**What you need to do:** Using "سیاسی" as the search string, find the matching lines below and copy them.

**Data shown:**
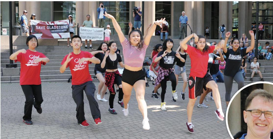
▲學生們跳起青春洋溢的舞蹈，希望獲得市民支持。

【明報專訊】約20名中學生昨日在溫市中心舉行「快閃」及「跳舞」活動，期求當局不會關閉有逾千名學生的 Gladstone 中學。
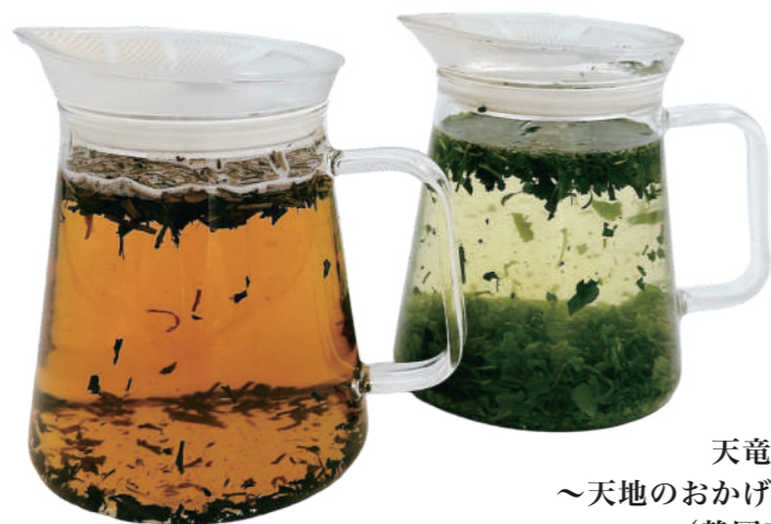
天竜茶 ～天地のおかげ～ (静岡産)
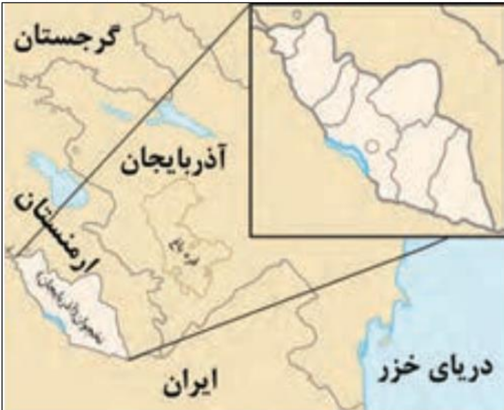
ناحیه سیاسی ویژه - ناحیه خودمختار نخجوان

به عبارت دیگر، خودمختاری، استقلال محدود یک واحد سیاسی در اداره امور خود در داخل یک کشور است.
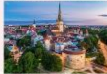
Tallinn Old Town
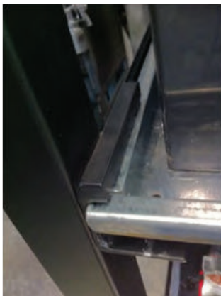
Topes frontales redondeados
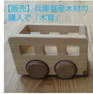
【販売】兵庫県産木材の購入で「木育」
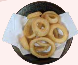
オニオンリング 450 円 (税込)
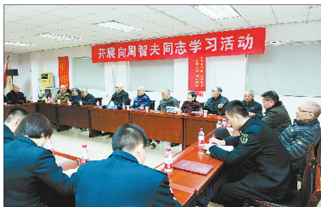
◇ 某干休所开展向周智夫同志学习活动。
==
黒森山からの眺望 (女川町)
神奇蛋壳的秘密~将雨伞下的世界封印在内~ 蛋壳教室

**Your response:**
ناحیه سیاسی ویژه - ناحیه خودمختار نخجوان
به عبارت دیگر، خودمختاری، استقلال محدود یک واحد سیاسی در اداره امور خود در داخل یک کشور است.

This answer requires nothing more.